The StickyCacheEviction indicate your worker’s sticky cache might not be big enough. You can either increase worker count, or increase sticky cache size.

@Yimin_Chen Can you please explain the difference between below attributes :
FrontendRPS: “frontend.rps”,
FrontendMaxNamespaceRPSPerInstance: “frontend.namespaceRPS”,
FrontendMaxNamespaceCountPerInstance: “frontend.namespaceCount”,
FrontendGlobalNamespaceRPS: “frontend.globalNamespacerps”,

  1. We have a single namespace “default” and tried increasing “frontend.rps” values till 48K, but still we are getting resource exhausted errors with cause as rps limit. Hence, need a clarification on “namespaceRPS” attribute as well.
    Also, what are the max values that these attributes support?

  2. We also see service_errors_entity_not_found in dashboard, what config needs to be verified for these kind of errors?

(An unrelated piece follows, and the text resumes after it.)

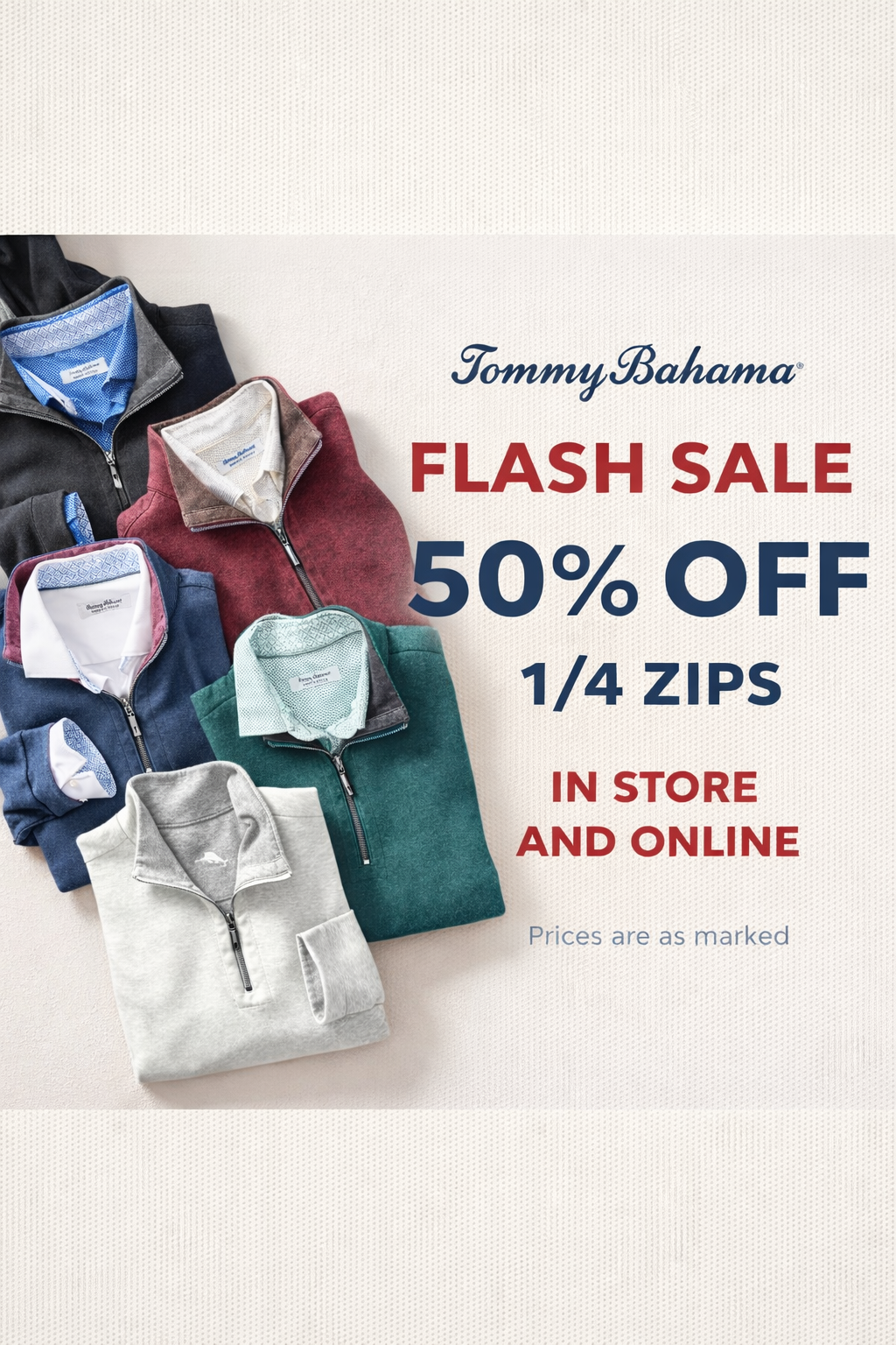 50% off Tommy Bahama 1/4 Zips
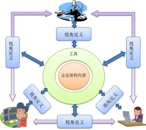 虽然针对企业架构内容的定义非常重要,但是同样重要的还有如何对企业架构的内容进行利用。企业架构的核心目标是为具有不同视角的干系人根据其关注点提供准确的视图,从而使得不同的干系人虽然采用了不同的观察角度和描述方式,但的确是在为共同的目标而进行着无障碍沟通和协作。为了达到这一目标,内容框架对于各种视角(ViewPoint)从表现形式和内容方面都进行了归纳总结,并对一些视图的开发也提供了建议和指南。TOGAF是一个通用性的标准,它的内容不可能涵盖企业中所有的视角,因而在具体实践中,各个企业完全可以根据自身需要对这些视角进行引用、修改和组合,从而总结出适合的视角,并借此开发出相应的视图,从而满足企业中具体干系人的需要。

frontend.rps / history.rps / matching.rps sets RPS limit per service pod.
frontend.namespaceRPS sets per namespace RPS limit.
There is no max value limit on those configs.

service_errors_entity_not_found is expected error, it means workflow (or other entities like activity) cannot be found. This could happen if there are some tasks (timer/transfer/visibility tasks) after workflow is deleted (like due to retention). Or if you try to send signal to non-exists workflow.